When all those illusions are gone—when Hank and Gomez are dead, when Jack ride
s off with all but one barrel of Walt’s cash with Jesse as his prisoner—the one that Walt still clings so tightly to is that he has done all of this for his family, and that as a result, his family will follow him into the unknown, no matter what they have heard and what they believe. Walt’s capacity for self-deception is still so boundless that even after Skyler intuits what happened in the desert, even after she pulls a very large carving knife on him and shrieks at him to leave the house, he is convinced he can change her mind.
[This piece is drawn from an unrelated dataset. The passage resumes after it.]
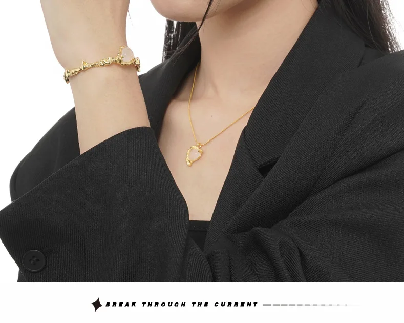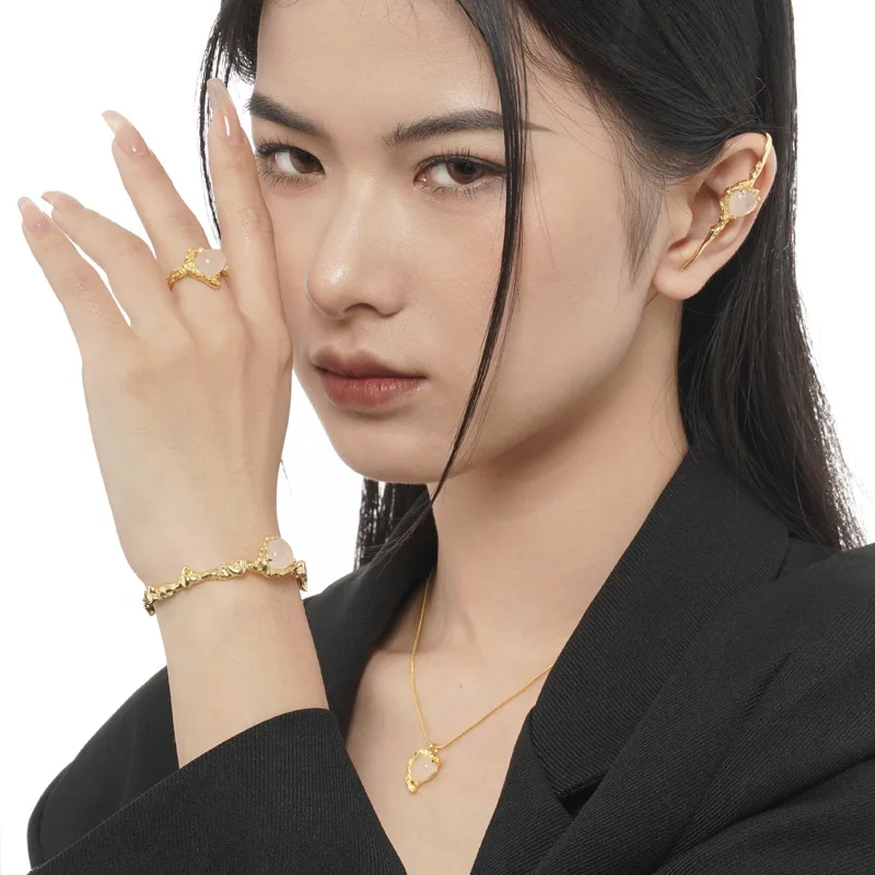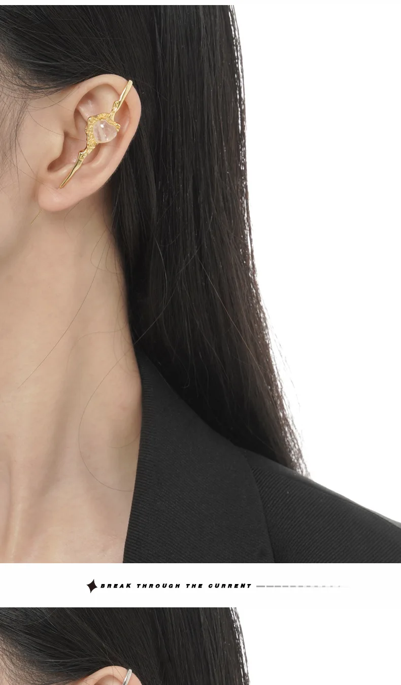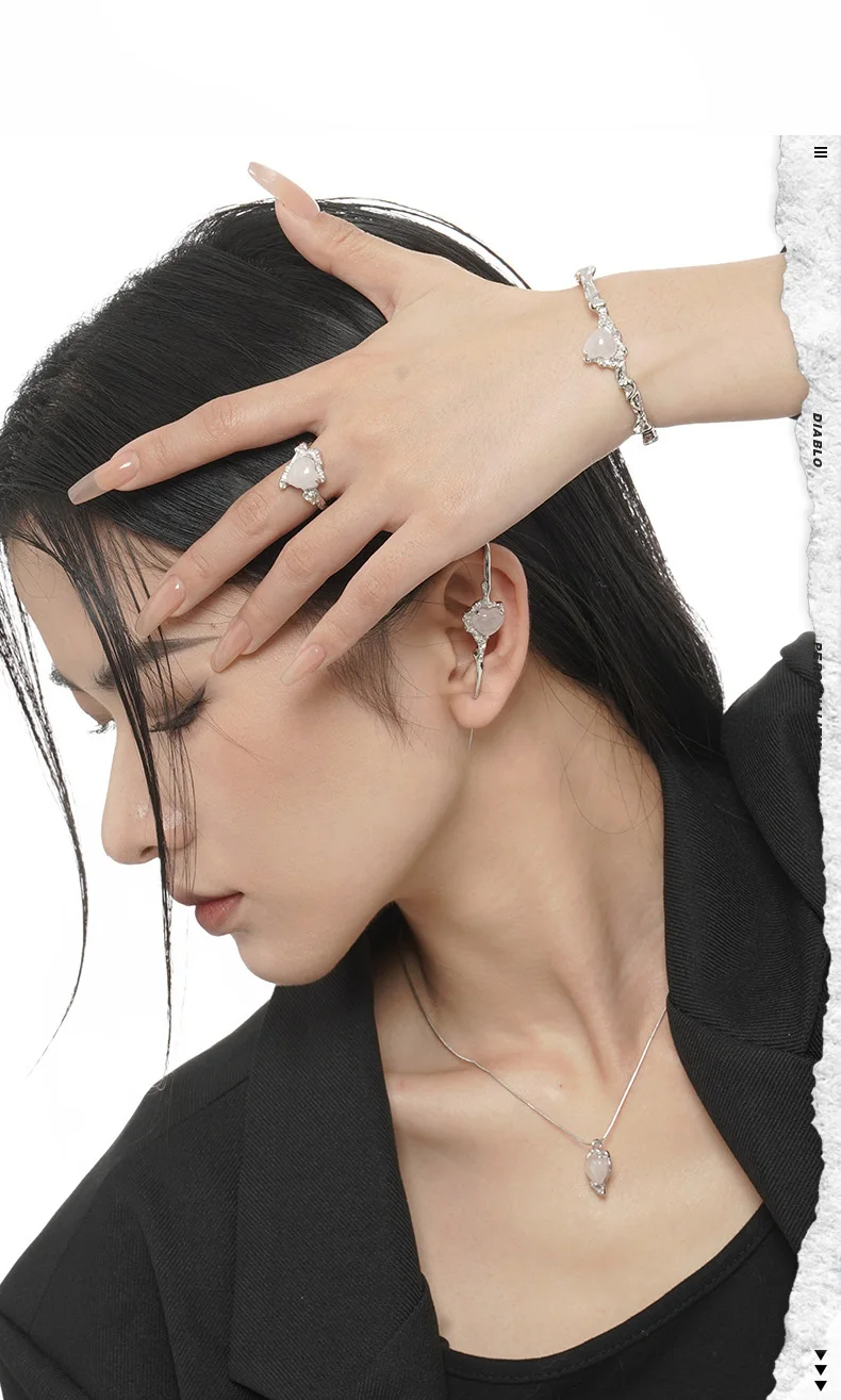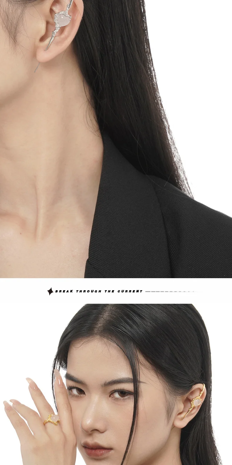 Jewel Type : F.I.N.S Original Design Irregular Powder Stone Heart S925 Sterling Silver Piercing Earrings Studs Long Catilage Fine Jewelry

Even after she cuts his palm, after they wrestle on the floor, after Flynn—who only minutes earlier was directing all his anger toward Skyler—has tackled him and positioned himself as his mother’s human shield, Walt somehow still thinks he’s being the only reasonable party.
“WE’RE A FAMILY!!!” he bellows. Because being in a family, in Walt’s eyes, means forgiving any deed, including being responsible for the murder of another member of that family.
But something miraculous happens in this scene: Those eyes finally truly see what he has wrought, and how his wife and son look at him, and that lie is gone, forever. Yes, they are a family, but some sins run too deep even for family. Walt has lost them, and as a result he’s lost everything. Each of these monstrous things he has done has been for them—or so he has told himself, even as we’ve seen many seasons worth of evidence to the contrary as we watched the pleasure Walt took in becoming a master criminal—and if they want no part of him, then what was the point after all? Why did all of these people, including his own brother-in-law, have to die? Why couldn’t the damn cancer have just taken him on the night he talked about it with Jesse, back in “Fly” (S3E10)?